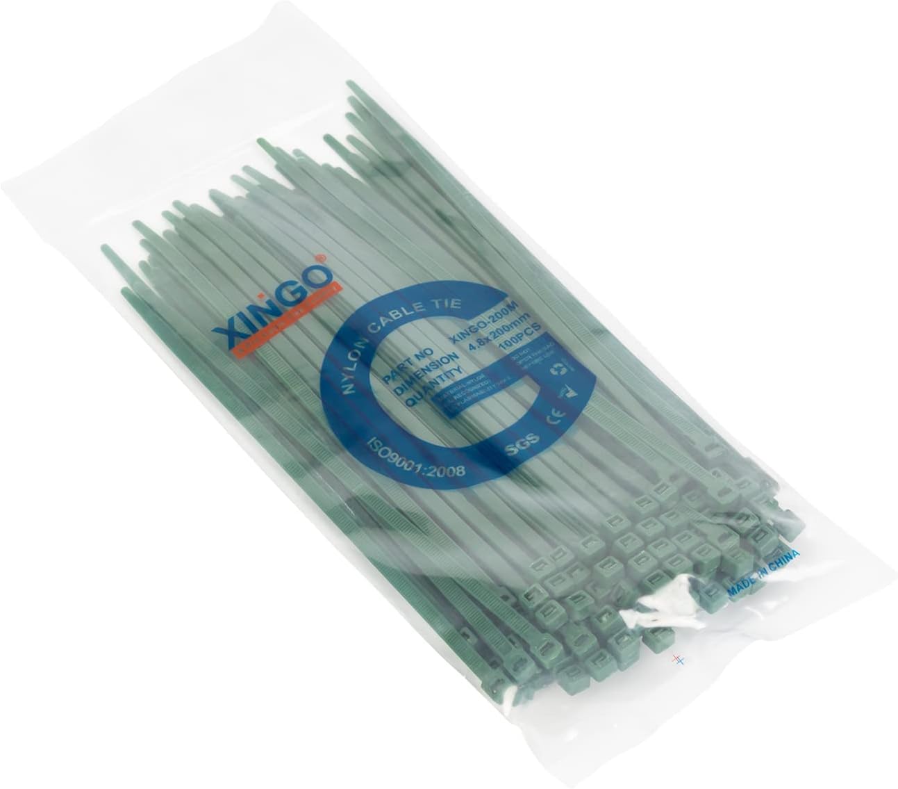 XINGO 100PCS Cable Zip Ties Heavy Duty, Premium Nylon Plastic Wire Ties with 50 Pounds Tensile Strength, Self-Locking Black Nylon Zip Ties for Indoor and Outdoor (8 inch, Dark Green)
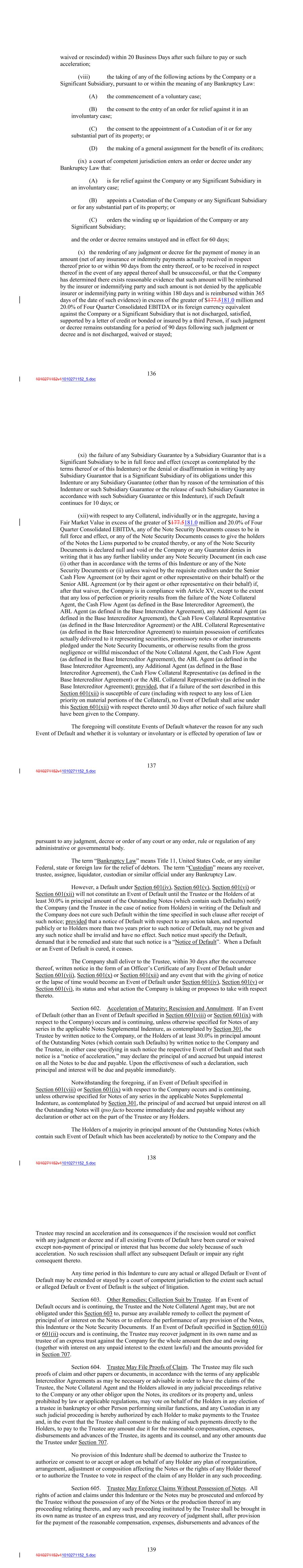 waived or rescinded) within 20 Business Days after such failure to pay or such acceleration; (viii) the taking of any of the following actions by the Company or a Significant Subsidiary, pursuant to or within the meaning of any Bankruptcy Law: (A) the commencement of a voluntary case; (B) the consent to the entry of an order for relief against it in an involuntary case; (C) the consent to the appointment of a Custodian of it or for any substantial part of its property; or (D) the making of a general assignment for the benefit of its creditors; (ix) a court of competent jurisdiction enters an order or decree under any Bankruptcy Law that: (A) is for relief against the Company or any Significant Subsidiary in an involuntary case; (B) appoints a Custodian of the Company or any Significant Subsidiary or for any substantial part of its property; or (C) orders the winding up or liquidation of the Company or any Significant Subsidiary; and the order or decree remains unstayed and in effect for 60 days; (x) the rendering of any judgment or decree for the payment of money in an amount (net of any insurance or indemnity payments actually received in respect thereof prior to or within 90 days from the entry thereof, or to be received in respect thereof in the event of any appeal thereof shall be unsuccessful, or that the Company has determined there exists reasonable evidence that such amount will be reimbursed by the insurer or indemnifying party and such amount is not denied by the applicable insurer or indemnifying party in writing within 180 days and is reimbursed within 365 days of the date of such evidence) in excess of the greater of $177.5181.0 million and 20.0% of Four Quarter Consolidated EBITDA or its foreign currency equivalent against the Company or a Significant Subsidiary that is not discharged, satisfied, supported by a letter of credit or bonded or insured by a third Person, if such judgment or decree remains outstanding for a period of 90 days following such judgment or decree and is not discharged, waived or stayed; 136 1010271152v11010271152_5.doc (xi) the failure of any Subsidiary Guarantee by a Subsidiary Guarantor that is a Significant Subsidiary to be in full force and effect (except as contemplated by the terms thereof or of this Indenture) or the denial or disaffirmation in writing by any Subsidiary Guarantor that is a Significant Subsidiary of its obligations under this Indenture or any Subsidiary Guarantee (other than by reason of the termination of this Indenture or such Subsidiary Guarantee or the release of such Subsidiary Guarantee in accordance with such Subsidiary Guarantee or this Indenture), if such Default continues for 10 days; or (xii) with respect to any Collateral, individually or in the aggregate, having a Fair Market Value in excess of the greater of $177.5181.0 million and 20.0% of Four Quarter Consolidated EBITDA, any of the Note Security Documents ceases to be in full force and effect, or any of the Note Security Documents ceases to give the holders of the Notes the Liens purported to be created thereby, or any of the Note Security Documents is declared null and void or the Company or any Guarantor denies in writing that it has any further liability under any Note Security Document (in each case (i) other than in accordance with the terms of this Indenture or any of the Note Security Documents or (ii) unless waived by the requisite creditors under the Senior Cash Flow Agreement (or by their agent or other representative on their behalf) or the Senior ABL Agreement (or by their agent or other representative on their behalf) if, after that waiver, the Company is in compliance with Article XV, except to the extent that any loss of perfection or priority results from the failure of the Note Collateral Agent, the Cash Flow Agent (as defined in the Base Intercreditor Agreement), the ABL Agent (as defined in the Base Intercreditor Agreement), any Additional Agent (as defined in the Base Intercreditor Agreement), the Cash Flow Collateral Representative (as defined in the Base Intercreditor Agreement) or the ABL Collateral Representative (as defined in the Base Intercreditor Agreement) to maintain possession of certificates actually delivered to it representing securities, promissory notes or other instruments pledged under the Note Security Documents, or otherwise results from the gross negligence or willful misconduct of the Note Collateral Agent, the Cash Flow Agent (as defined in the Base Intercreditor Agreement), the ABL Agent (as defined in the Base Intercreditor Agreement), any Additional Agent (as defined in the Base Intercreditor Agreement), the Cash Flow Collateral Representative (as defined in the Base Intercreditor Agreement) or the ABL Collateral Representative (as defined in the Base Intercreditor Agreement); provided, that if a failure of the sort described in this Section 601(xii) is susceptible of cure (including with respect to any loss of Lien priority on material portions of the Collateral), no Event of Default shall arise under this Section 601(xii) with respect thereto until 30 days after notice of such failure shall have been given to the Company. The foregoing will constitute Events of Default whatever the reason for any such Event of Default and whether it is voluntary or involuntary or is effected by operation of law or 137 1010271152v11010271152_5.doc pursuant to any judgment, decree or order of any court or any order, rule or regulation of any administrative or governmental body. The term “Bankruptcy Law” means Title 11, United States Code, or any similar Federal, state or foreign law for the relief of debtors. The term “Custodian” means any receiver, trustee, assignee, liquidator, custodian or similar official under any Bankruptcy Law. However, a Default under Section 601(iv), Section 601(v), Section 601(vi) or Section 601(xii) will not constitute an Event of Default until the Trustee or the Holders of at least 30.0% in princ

--

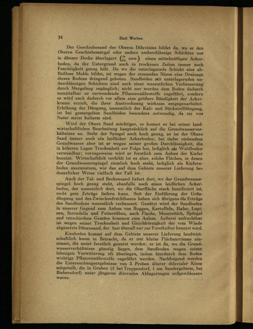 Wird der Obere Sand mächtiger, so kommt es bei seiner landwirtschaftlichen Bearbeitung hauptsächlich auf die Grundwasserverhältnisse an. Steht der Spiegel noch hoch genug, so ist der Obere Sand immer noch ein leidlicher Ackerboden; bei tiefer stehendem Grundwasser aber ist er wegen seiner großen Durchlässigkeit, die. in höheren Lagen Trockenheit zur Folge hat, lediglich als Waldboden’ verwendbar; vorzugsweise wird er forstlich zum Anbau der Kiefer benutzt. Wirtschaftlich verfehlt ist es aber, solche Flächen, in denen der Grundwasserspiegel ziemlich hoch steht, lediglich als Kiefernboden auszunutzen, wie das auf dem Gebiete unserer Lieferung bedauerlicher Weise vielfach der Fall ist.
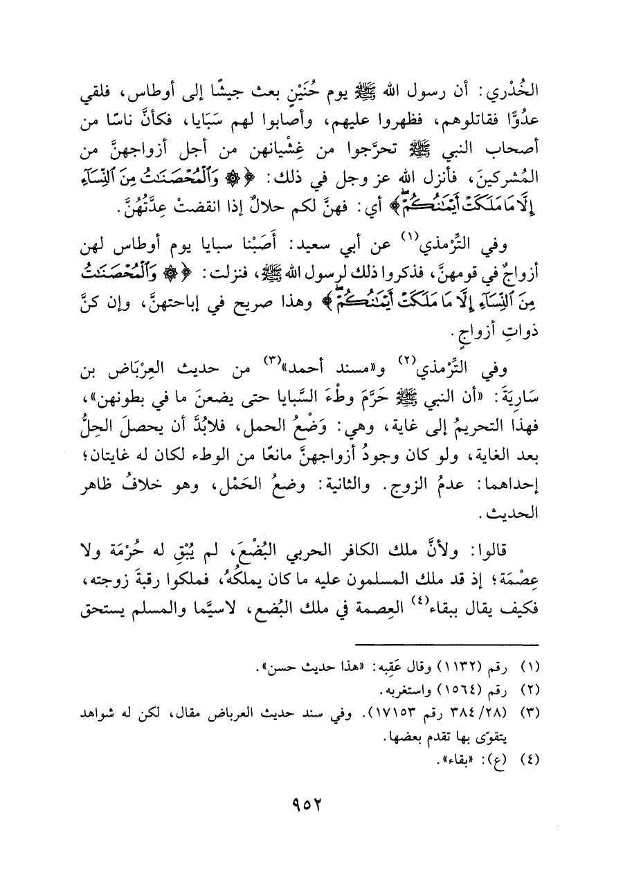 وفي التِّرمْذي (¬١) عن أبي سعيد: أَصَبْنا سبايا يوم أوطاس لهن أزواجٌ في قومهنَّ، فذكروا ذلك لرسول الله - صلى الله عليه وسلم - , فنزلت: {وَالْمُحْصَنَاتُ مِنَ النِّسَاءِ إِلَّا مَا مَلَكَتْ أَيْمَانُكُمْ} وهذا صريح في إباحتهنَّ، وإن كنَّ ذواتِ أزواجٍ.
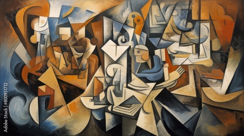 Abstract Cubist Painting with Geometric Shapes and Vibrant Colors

---

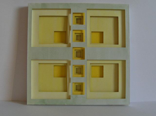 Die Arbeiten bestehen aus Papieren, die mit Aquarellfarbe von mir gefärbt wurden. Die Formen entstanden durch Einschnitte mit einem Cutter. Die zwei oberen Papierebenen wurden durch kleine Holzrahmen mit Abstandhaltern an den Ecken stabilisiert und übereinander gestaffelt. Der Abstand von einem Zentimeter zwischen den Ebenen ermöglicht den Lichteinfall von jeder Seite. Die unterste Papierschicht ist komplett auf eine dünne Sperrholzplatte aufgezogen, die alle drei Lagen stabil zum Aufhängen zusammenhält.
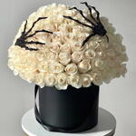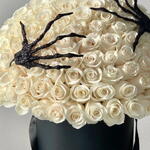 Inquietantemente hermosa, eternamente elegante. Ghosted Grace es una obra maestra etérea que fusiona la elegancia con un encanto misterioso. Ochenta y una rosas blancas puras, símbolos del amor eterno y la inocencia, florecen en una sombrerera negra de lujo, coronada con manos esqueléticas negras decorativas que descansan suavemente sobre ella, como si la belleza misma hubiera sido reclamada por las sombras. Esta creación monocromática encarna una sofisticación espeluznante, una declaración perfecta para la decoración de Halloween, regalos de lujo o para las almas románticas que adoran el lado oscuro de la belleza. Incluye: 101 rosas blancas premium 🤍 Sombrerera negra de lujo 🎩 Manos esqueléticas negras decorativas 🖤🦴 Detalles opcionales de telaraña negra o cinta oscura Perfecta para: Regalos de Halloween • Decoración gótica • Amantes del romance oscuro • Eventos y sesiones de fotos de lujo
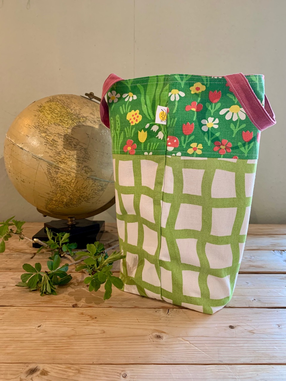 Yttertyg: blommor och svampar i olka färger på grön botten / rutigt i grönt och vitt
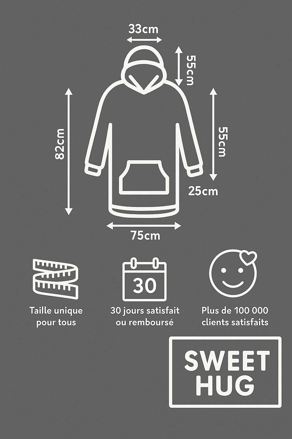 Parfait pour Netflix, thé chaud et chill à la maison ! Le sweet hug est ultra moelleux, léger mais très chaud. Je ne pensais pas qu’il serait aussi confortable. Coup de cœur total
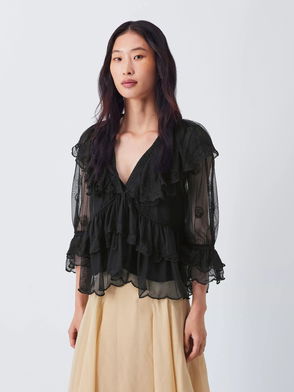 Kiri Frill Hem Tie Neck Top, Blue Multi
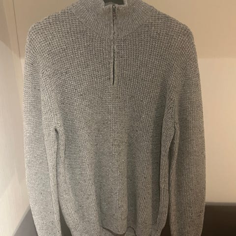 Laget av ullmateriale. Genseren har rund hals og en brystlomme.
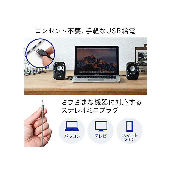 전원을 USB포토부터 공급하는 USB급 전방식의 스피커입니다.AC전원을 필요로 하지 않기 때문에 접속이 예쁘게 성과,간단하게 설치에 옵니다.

> **Required action**
Quote the lines above exactly, starting with the one that has "Yttertyg: blommor och" and ending with the one that has "전원을 USB포토부터 공급하는"; drop the pictures and include nothing else.

> **Finished task**
 Yttertyg: blommor och svampar i olka färger på grön botten / rutigt i grönt och vitt
 Parfait pour Netflix, thé chaud et chill à la maison ! Le sweet hug est ultra moelleux, léger mais très chaud. Je ne pensais pas qu’il serait aussi confortable. Coup de cœur total
 Kiri Frill Hem Tie Neck Top, Blue Multi
 Laget av ullmateriale. Genseren har rund hals og en brystlomme.
 전원을 USB포토부터 공급하는 USB급 전방식의 스피커입니다.AC전원을 필요로 하지 않기 때문에 접속이 예쁘게 성과,간단하게 설치에 옵니다.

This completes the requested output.